On what wings dare he aspire?
What the hand dare seize the fire?
Not a child’s rhyme, he said. Huge with meaning. God who made the lamb made the tiger. Not a soft and comfortable God, then. Unpredictable, perhaps a little wild. Like the tiger. (Sonnet thought, Yes! Like Aslan in The Chronicles of Narnia.)
And what shoulder and what art
Could twist the sinews of thy heart?
And, when that heart began to beat
What dread hands and what dread feet?
What the hammer?

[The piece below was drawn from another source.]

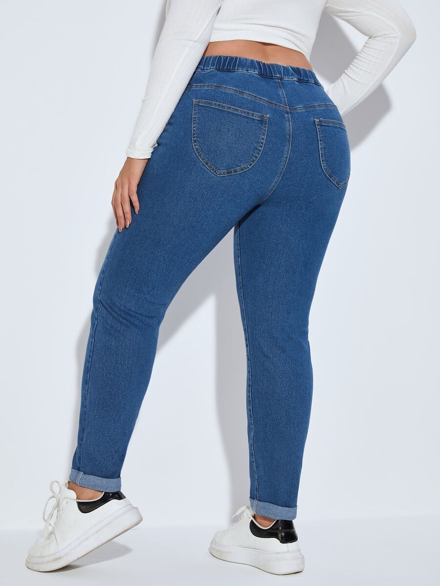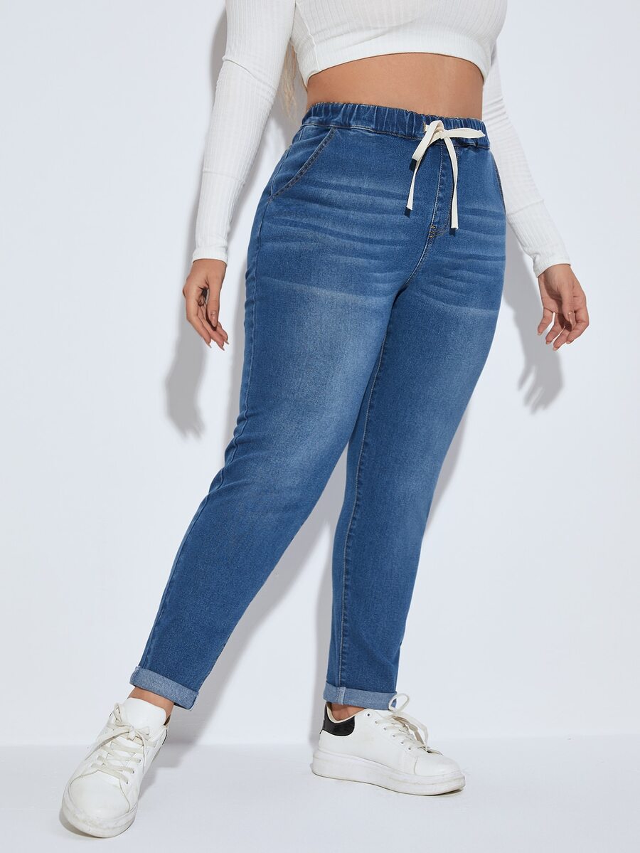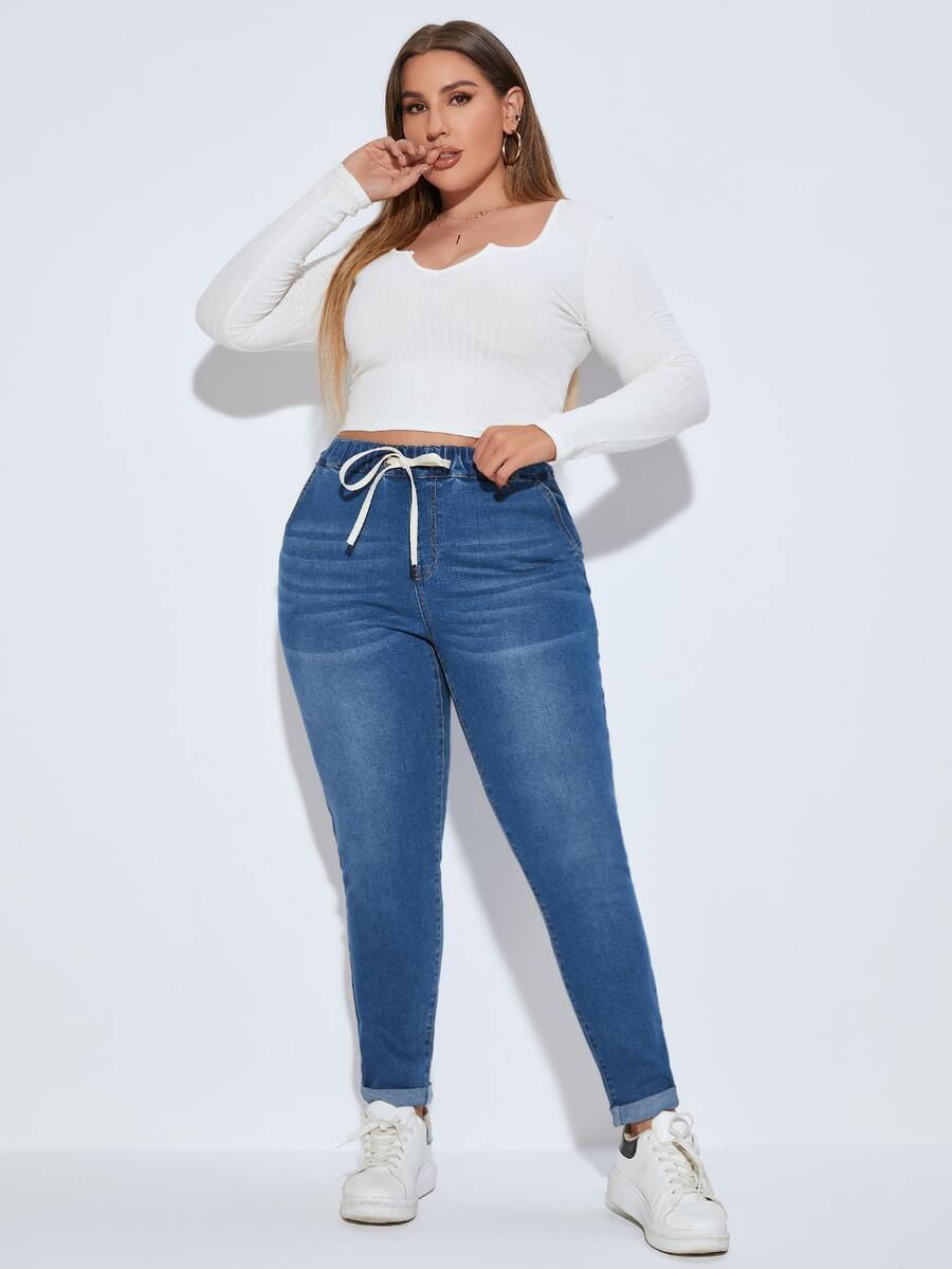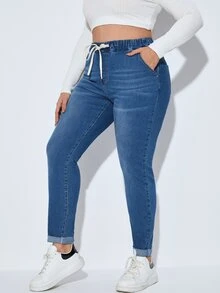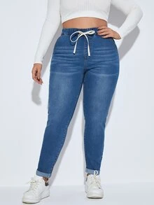 Plus Drawstring Waist Roll Up Hem Skinny Jeans

What the chain?
In what furnace was thy brain?
In what anvil? What dread grasp
Dare its deadly terrors clasp?
He said, “Do we try to tame God? Is this a God with whom to wrestle, as Jacob wrestled with the angel?”
Somehow he got from there to the beauty of music and a farewell to the choir boys leaving the school, with thanks for their voices.
Then more Blake.
When the stars threw down their spears
And watered heaven with their tears
Did He smile his work to see?
Did He who made the lamb make thee?
She had heard speech makers use quotations, a phrase here, a line there. But never this fearless go-for-broke luxuriating in every line, every word. This is for real, she thought.
The hymn that followed was “Jerusalem.” More Blake, also wild and crazy and true.
... and was the holy Lamb of God on England’s pleasant pastures seen?
Then the Valediction of Choristers. Real boys named Freddie, Kit, Oliver (the cutest, with dark eyes and long blond hair), Theodore, Jacob, and Jinseong, thanked and prayed for, Presented by the Organist and Headmaster, a gift from the Dean and Chapter.
At last, Sonnet thought with relief she felt in her bones and under her skin, England. Real boys. Real poetry. Real song. The real thing.
And, when the choir and clergy departed to the music of Elgar’s “March No 1 in D,” another story. Instead of following the stream of people out of the church, Christian walked back into the side area. “It’s in the north transept,” he said, his eyes scanning the stone floor.
“Are we allowed to do this?” she hissed, conscious of the verger’s watchful eye.
Who backed off when he saw Christian stop, staring down.
“Here it is,” he said.
And knelt.
It was a simple dark gray slab. The words carved into it read:
William Wilberforce
born 24th August, 1759,
died 29th July, 1833
Christian swung off his backpack, unzipped it, pulled out a small bunch of white daisies circled with red tissue, and set them on the stone.
“Who was he?” asked Sonnet, who had never seen such a gesture.
“He led the charge in England for the abolition of slavery.”
“You’re related to him?”
Christian grinned. “I wish. My mother’s great-grandfather was a plantation slave in Jamaica.”
“So that’s where you get ...”
“My crazy hair. Yeah!”
So, Sonnet thought, more real. He really was a pilgrim, a fellow traveler. And, like all good pilgrims, she backed off to join the patient, knowing verger and give Christian a moment to reach his destination.